The sausages will now have to be labelled Welsh Dragon Pork Sausages to avoid any confusion among customers.
Jon Carthew, 45, who makes the sausages, said yesterday that he had not received any complaints about the absence of real dragon meat.
(Simon de Bruxelles, “Sausages affected by draconian trade laws”, Times Online, Nov. 18).
Update: Great 1998 Tobacco Robbery
Per Jacob Sullum (Nov. 14),
Yesterday a federal judge in Louisiana rejected a motion to dismiss [the Competitive Enterprise Institute’s] lawsuit challenging the Master Settlement Agreement that established a government-backed cigarette cartel for the benefit of state treasuries, trial lawyers, and the leading tobacco companies. The judge’s order is here [PDF]. CEI’s complaint and various other documents related to the case are here.
(see Aug. 4, 2005).
Also, Stanford economist Jeremy Bulow has published another in his series of always-excellent papers on the great tobacco robbery. As the Milken Institute’s Oct. 20 press release puts it, Bulow argues that
the public was conned: the tobacco companies passed on more than 100 percent of the cost to smokers, many states were locked into terrible financial settlements and billions in fees were set aside for trial lawyers.

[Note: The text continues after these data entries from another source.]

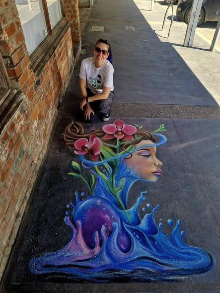 I'm Stacey Bennett, a pastel and street chalk artist based in Jimboomba, where I create detailed portraits and wildlife in my studio, and dynamic, large-scale temporary chalk murals in public spaces. My street work is driven by the love of surprising people outside traditional gallery walls and the beauty of temporary art—a unique experience encouraging viewers to see the piece before it is lost forever.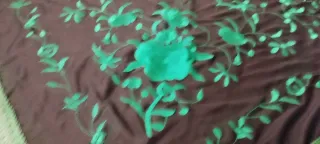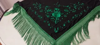 Elegante mantoncillo con un diseño floral bordado. - Base de color negro. - Bordado en hilo verde. - Adornado con flecos largos en los bordos.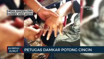 Dengan menahan rasa nyeri di tangan, seorang perempuan asal Kabupaten Maros ini meminta bantuan tim damkarmat Kota Makassar untuk melepas cincin yang membuat jari manisnya membengkak.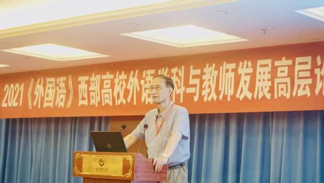 然后,复旦大学外文学院教授、博导曲卫国作了“谈谈英语本科专业教材建设中的理论依据和思路问题”主旨发言,他提出唯有改变、甚至扬弃目前所依据的教材编写理论和思路,英语本科专业的教材才有可能突破教材编写的瓶颈问题,实现第三次转型。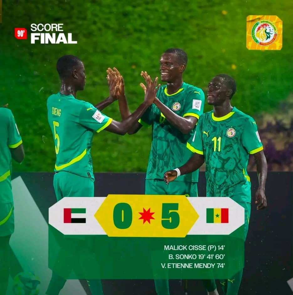Le Sénégal a réalisé une performance impressionnante ce dimanche en battant les Émirats arabes unis 5-0, lors de la troisième et dernière journée de la Coupe du monde U17 au Qatar.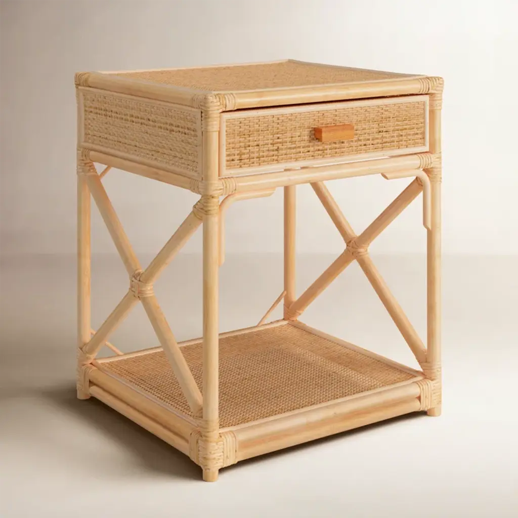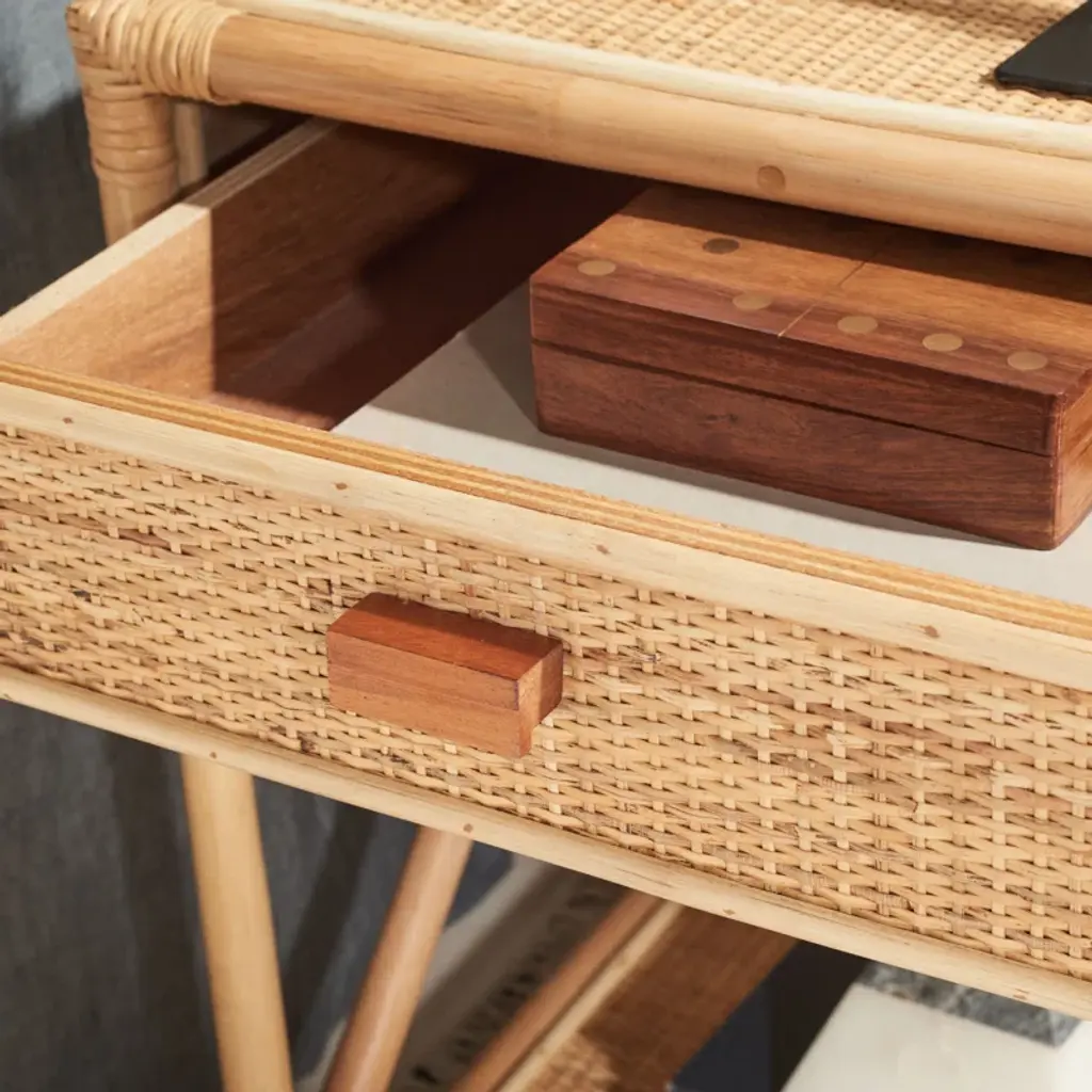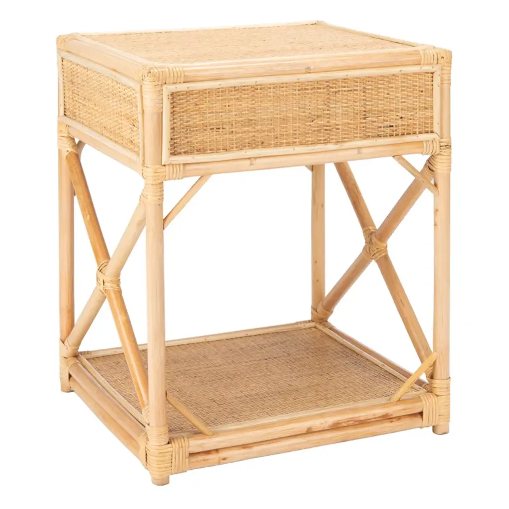 You can almost feel the warm ocean breeze that inspired the airy look and feel of the Arvis Nightstand. Crafted of mindi wood in rich natural tones, Arvis brings a relaxing vibe while offering a convenient shelf and drawer for easy access storage. Vacation home not included.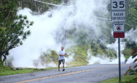 | De la vapeur s'échappe d'une fissure près de Leilani Estates, le 4 mai |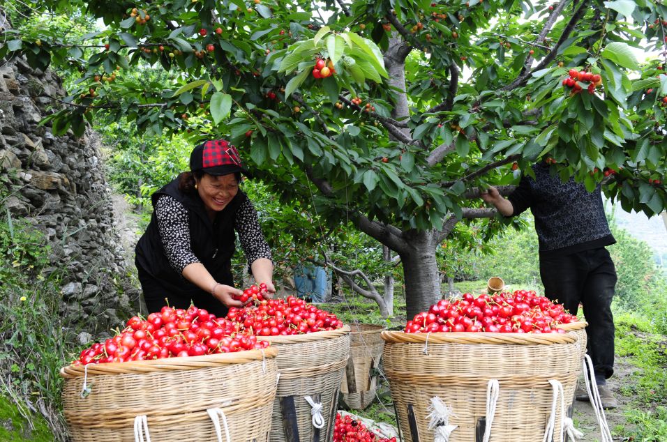 威州镇布瓦村在半山腰上,海拔1600米到2400米左右,800亩采摘基地一般在5月下旬结满了红彤彤的甜樱桃。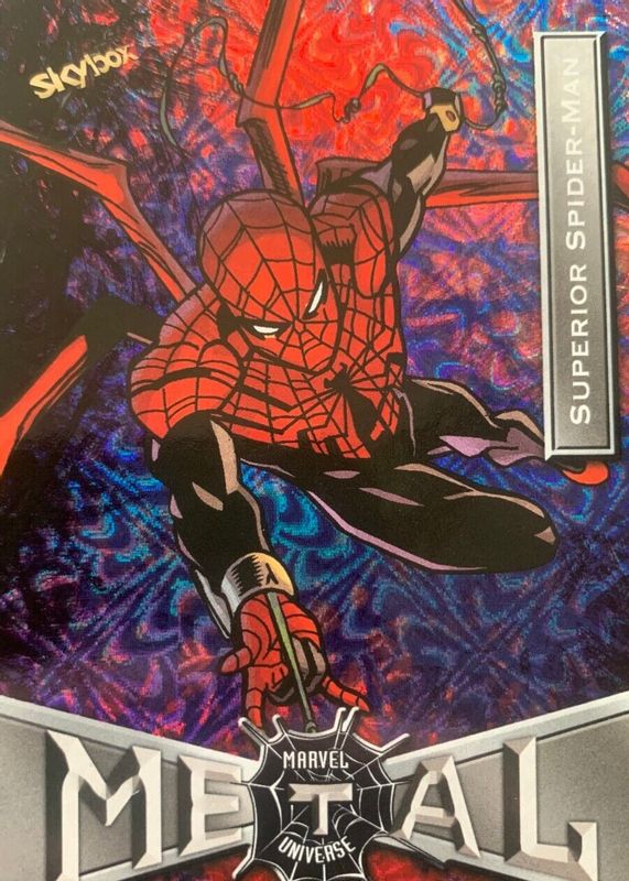 Superior Spider-Man's Marvel cards are available in at least 2 sets. Superior Spider-Man's biggest 7-day price movers are 2021 Skybox Marvel Metal Universe Spider-Man #88 Grandiose, 2021 Skybox Marvel Metal Universe Spider-Man #188 Light FX Yellow (High Series), and 2021 Skybox Marvel Metal Universe Spider-Man #88 Light FX Gold.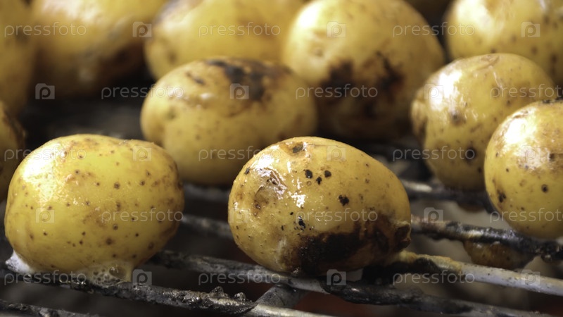 Жареные колбасы, жаренные картофель на гриле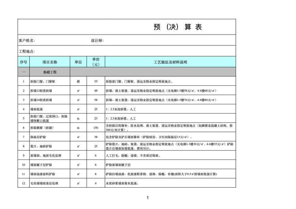 在房屋裝潢過程中,對於消費者們而言,最關心的是成本的問題,大家都想在最短的裝潢時間內,想方設法的降低整體的成本,想知道詳細的報價明細。在實際的裝潢過程中,每個人都希望房屋裝潢的效果好,預算在掌控範圍內,這就要求大家在實際操作中提前預算好。下面給大家分享一份非常詳細的裝潢報價清單(2019),地域不同報價可能有偏差,僅供參考!
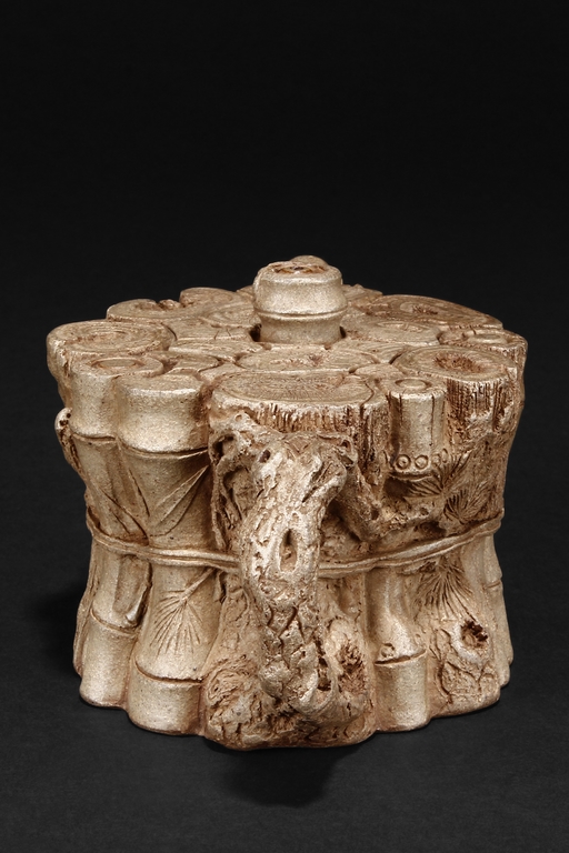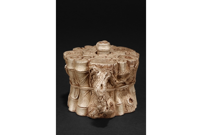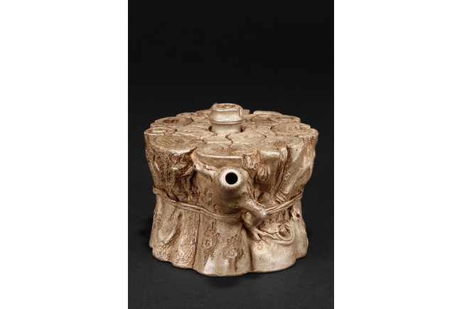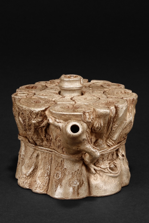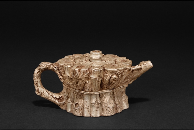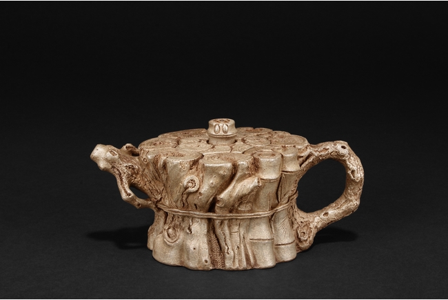 The teapot designed as bundles of wood including bamboo, with waisted body, a naturalistic branch extending outwards as the spout, and a curved C shaped branch as handle, the finial is a bamboo section raising higher than the other woods. Bottom bears colophon and two character artist signature “MINGYUAN”, additional four character artist stamp impressed below.

“Few people trust tobacco companies, trial lawyers or politicians,” he writes. “But somehow when the three groups got together and spoke with one voice they were able to convince most people – particularly nonsmokers who benefit from higher cigarette tax revenue – that the settlement had achieved a noble public health goal. In reality, the settlement preserved tobacco companies’ profits, while it gave the trial lawyers an incredibly large ongoing source of income gouged from the hides of smokers, and handed state politicians bragging rights as Davids to Big Tobacco’s Goliath.”
(“The tobacco settlement: when trial lawyers meet tobacco execs”, Milken Institute Review, December)(reg). For more from Bulow, see PoL, Nov. 18, 2005, and Jan. 20 and May 18, 2006.
The 1998 multistate tobacco settlements were a central theme of my 2003 book The Rule of Lawyers and have been covered in depth on this site, including Aug. 4, 2005 and links from there, Sept. 11, 2005, and Jan. 3, 2006, as well as at Point of Law: May 17, Jul. 20 and Jul. 26, 2004, Oct. 6 and Oct. 14, 2005 and Mar. 20, Mar. 29 and Apr. 12, 2006.
Update: “Brockovich’s Medicare-billing lawsuits tossed”
Glamor proved no substitute for legal merit as U.S. District Judge Thomas Whelan in San Diego dismissed two lawsuits by the highly publicized Brockovich against major hospital chains, alleging that the chains should refund to Medicare sums spent on treating injuries caused by earlier hospital negligence (see Jun. 22). The suits “made no specific claims of patient injury” but instead proffered studies estimating the nationwide incidence of negligent patient injury in hospitals. The judge termed the claims “speculative allegations” intended to allow Brockovich and the lawyers for whom she was fronting to “begin a fishing expedition”. “The judge also noted that Brockovich, 46, was not eligible to receive Medicare benefits, was never treated at any of the Scripps or Sharp hospitals, and was never injured by hospital staff misconduct.” (Keith Darcé, San Diego Union-Tribune, Nov. 16). For more on Brockovich’s activities generally, follow links from Nov. 3, 2005.